Top of Given data
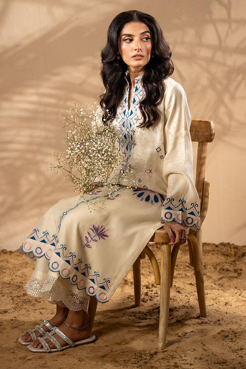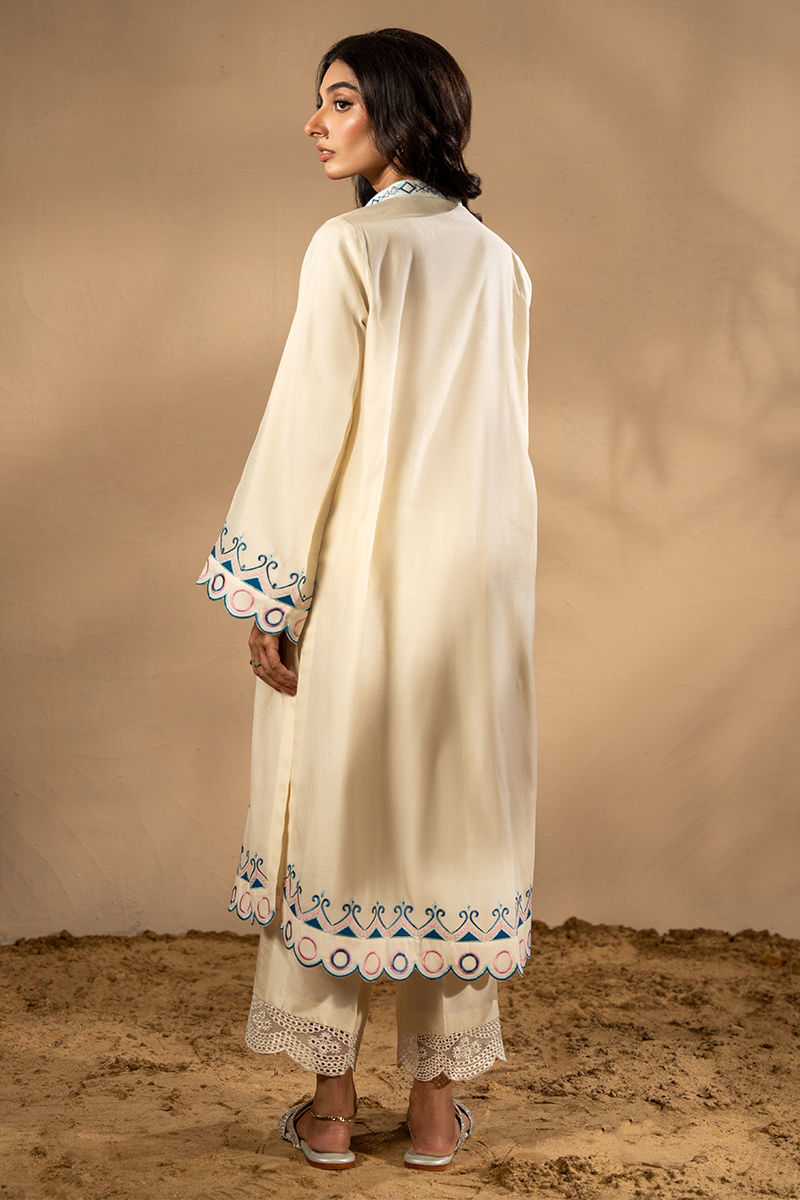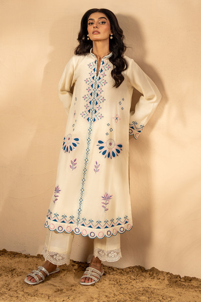 This white kora cotton shirt is a breath of fresh air in refined minimalism. Crafted from airy, lightweight fabric, it features delicate embroidery and subtle applique work in soft tones of blues and pinks, creating a serene yet sophisticated palette. the outfit is complete with pure raw silk pant with embroidered borders on the hem. The minimal detailing makes it an ideal choice for daytime gatherings, casual summer festivities, or elegant everyday wear. Pants are add onShirt maximum length 45Model height: 5'5
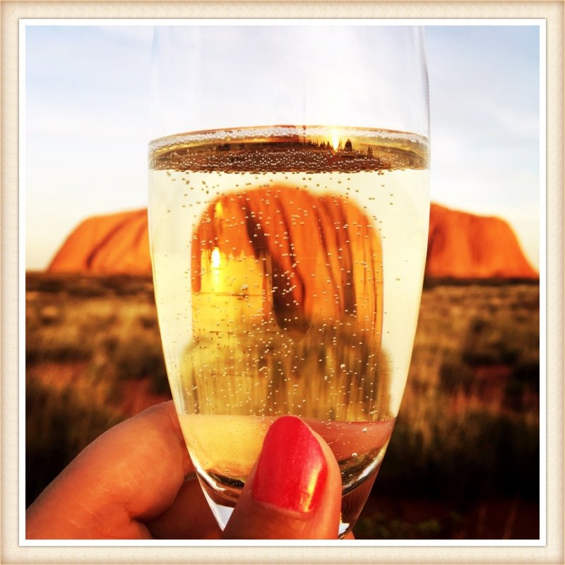 夕阳西下,我们手举香槟,在乌鲁鲁的大石头面前,庆祝自己终于来到了澳洲!
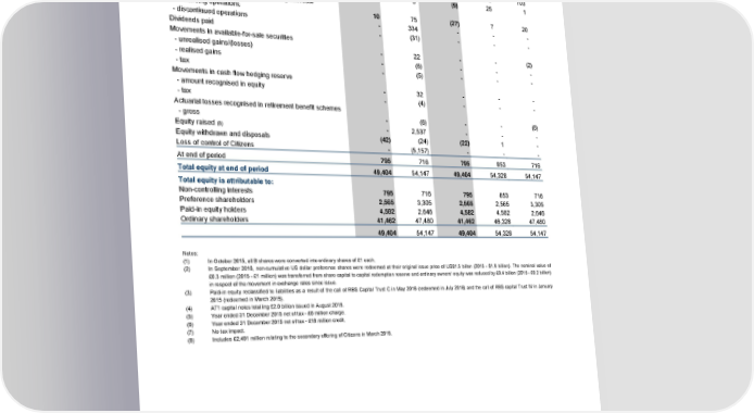Statutory results Condensed consolidated statement of changes in equity for the period ended 31 December 2016 Year ended Quarter ended 31 December 31 December 31 December 30 September 31 December 2016 2015 2016 2016 2015 £m £m £m £m £m Non-controlling interests At beginning of period 716 2,946 853 820 703 Currency translation adjustments and other movements 111 3 (9) 25 1 Profit/(loss) attributable to non-controlling interests - continuing operations 10 75 (27) 7 20 - discontinued operations - 334 - - - Dividends paid - (31) - - - Movements in available-for-sale securities - unrealised gains/(losses) - 22 - - (2) - realised gains - (6) - - - - tax - (5) - - - Movements in cash flow hedging reserve - amount recognised in equity - 32 - - - - tax - (4) - - - Actuarial losses recognised in retirement benefit schemes - gross - (6) - - (6) Equity raised (8) - 2,537 - - - Equity withdrawn and disposals (42) (24) (22) 1 - Loss of control of Citizens - (5,157) - - - At end of period 795 716 795 853 716 Total equity at end of period 49,404 54,147 49,404 54,328 54,147 Total equity is attributable to: Non-controlling interests 795 716 795 853 716 Preference shareholders 2,565 3,305 2,565 2,565 3,305 Paid-in equity holders 4,582 2,646 4,582 4,582 2,646 Ordinary shareholders 41,462 47,480 41,462 46,328 47,480 49,404 54,147 49,404 54,328 54,147 Notes: (1) In October 2015, all B shares were converted into ordinary shares of £1 each. (2) In September 2016, non-cumulative US dollar preference shares were redeemed at their original issue price of US$1.5 billon (2015 - $1.9 billion). The nominal value of £0.3 million (2015 - £1 million) was transferred from share capital to capital redemption reserve and ordinary owners’ equity was reduced by £0.4 billion (2015 - £0.2 billion) in respect of the movement in exchange rates since issue. (3) Paid-in equity reclassified to liabilities as a result of the call of RBS Capital Trust C in May 2016 (redeemed in July 2016) and the call of RBS capital Trust IV in January 2015 (redeemed in March 2015). (4) AT1 capital notes totalling £2.0 billion issued in August 2016. (5) Year ended 31 December 2015 net of tax - £6 million charge. (6) Year ended 31 December 2015 net of tax - £16 million credit. (7) No tax impact. (8) Includes £2,491 million relating to the secondary offering of Citizens in March 2015. 53 RBS – Annual results 2016
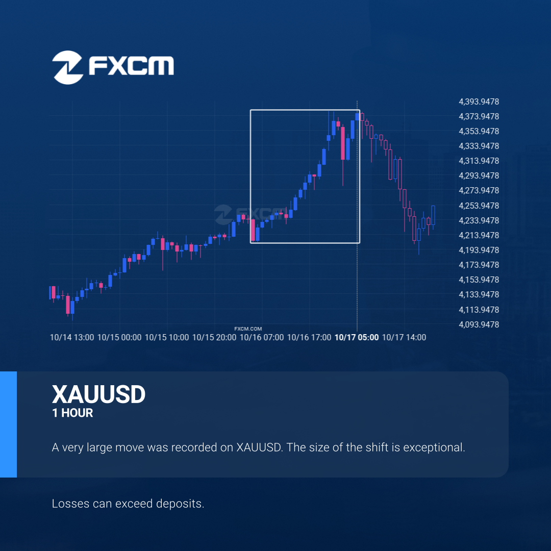 An unexpected large move occurred on XAUUSD 1 hour chart, starting at 4204.975 and reaching 4376.485. It stands out in recent trading activity.
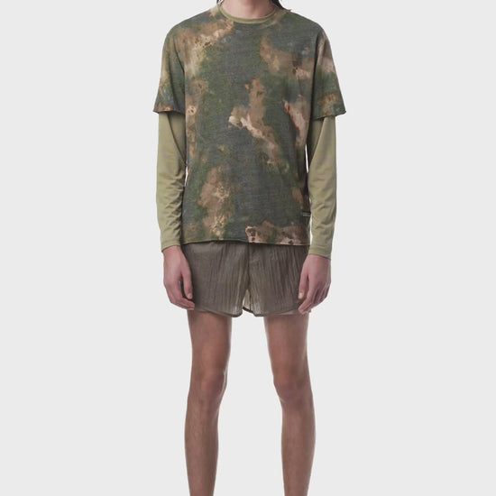 Raw hem construction across the bottom and arms of the garment for a lighter weight and frictionless experience.
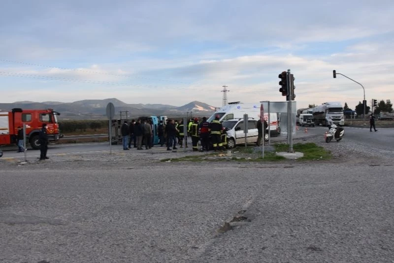 Manisa’nın Akhisar ilçesinde yolcu minibüsü ve otomobilin çarpışması sonucu meydana gelen kazada 7 kişi yaralandı.
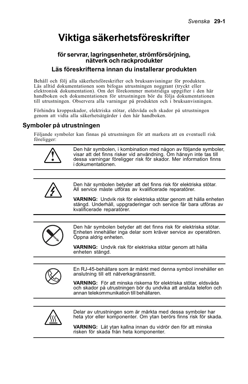 Om produkten erhåller skador som kräver service, drar du ur nätsladden och kontaktar en auktoriserad HP-servicepartner. Följande är exempel på skador som kräver service: q Nätsladd, förlängningssladd eller kontakt är trasig. q Vätska har spillts eller föremål har tappats i produkten. q Produkten har utsatts för regn eller vatten. q Produkten har tappats eller skadats. q Produkten fungerar inte normalt när du följer bruksanvisningen instructions. Så här minskar du risken för personskador och skador på utrustningen: q Placera inte produkten i närheten av element, värmeregulatorer, spisar, förstärkare eller andra apparater som alstrar värme. q Använd aldrig produkten på en våt plats. q För aldrig in föremål genom öppningar i produkten. q Var försiktig när du flyttar produkter på hjul. Undvik snabba stopp och ojämna ytor. q Använd endast produkten med godkänd HP-utrustning. q Vrid ned volymen innan du använder hörlurar eller andra ljudenheter. Föreskrifter för underhåll och service av Enterprise-produkter För att minska risken för elektriska stötar och skador på utrustningen när du installerar, underhåller och utför service på Enterprise-produkter bör du följa dessa föreskrifter: ■ Vissa Enterprise-produkter innehåller strömförsörjning som kan skapa farliga spänningsnivåer. Kontrollera i den medföljande dokumentationen om produkten innehåller sådan strömförsörjning. Installationen av interna alternativ och rutinmässig(t) underhåll och service bör utföras av en person som känner till procedurer, åtgärder och faror vid arbete på utrustning med farliga spänningsnivåer. ■ Låt produkten svalna innan du tar bort höljen och vidrör komponenter inuti. ■ Använd inte ledande verktyg som kan överbrygga strömförande delar. ■ Ta av dig klocka, ringar och löst hängande smycken när du arbetar i Hot Plugområden vid en strömförande server eller lagringsprodukt. ■ Försök inte öppna säkerhetsförreglingar (där sådana finns). ■ Dörrarna till PCI Hot Plug ger tillgång till farliga strömkretsar. q Dörrarna ska vara låsta under normaldrift -ellorq Servern ska vara installerad på en plats med kontrollerad åtkomst så att enbart kvalificerad personal har tillgång till servern. ■ Stäng av utrustningen och koppla ur all nätsladdar innan du tar bort höljen till områden som inte är Hot Plug. ■ Byt inte ut komponenter som inte är Hot Plug med ström inkopplad till produkten. Stäng först av den och dra ur alla nätsladdar. Svenska 29-3
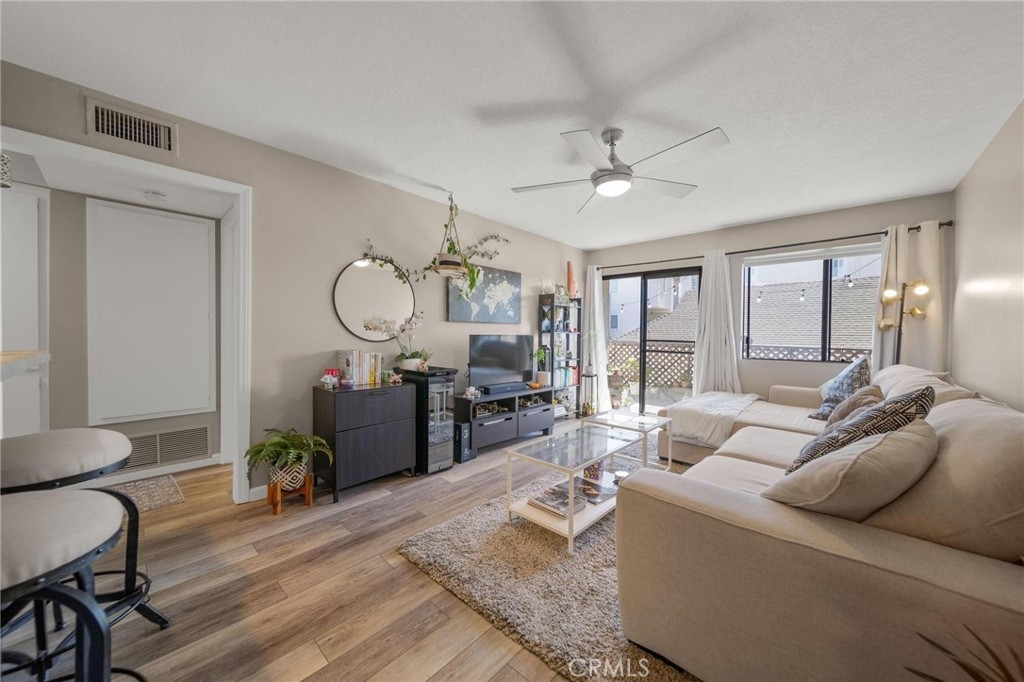 Welcome to Plaza Pacifica! This beautifully maintained 1-bedroom, 1.5-bathroom condo offers 731 square feet of comfortable living space, featuring a spacious open layout perfect for modern living. Enjoy a large, light-filled bedroom with extra closet space and plush carpeting for added comfort. The remodeled bathrooms add a sleek, modern touch, while the laminate flooring throughout the main areas add durability and style. The kitchen is both functional and inviting with ample cabinet storage and a breakfast bar. The living room and bedrooms both have ceiling fans that keep the space cool and breezy. Step out onto your private, spatious balcony — the perfect spot to relax or entertain. The unit also includes a dedicated parking space in a secure garage for your convenience and peace of mind. Located just minutes from Downtown, the beach, Shoreline Village, The Pike, Pine Avenue, and an array of restaurants, shops, and nightlife, this condo offers the best of city living. Plus, the HOA covers water and trash, making this home as practical as it is appealing. Don’t miss this opportunity to own a centrally located gem in a great Long Beach neighborhood!
Bottom of Given data
Task: Would you repeat the material above exactly, line for line, from its first line to the line with "夕阳西下,我们手举香槟,在乌鲁鲁的大石头面前,庆祝自己终于来到了澳洲!", including both and skipping every picture?

Task answer:
 This white kora cotton shirt is a breath of fresh air in refined minimalism. Crafted from airy, lightweight fabric, it features delicate embroidery and subtle applique work in soft tones of blues and pinks, creating a serene yet sophisticated palette. the outfit is complete with pure raw silk pant with embroidered borders on the hem. The minimal detailing makes it an ideal choice for daytime gatherings, casual summer festivities, or elegant everyday wear. Pants are add onShirt maximum length 45Model height: 5'5
 夕阳西下,我们手举香槟,在乌鲁鲁的大石头面前,庆祝自己终于来到了澳洲!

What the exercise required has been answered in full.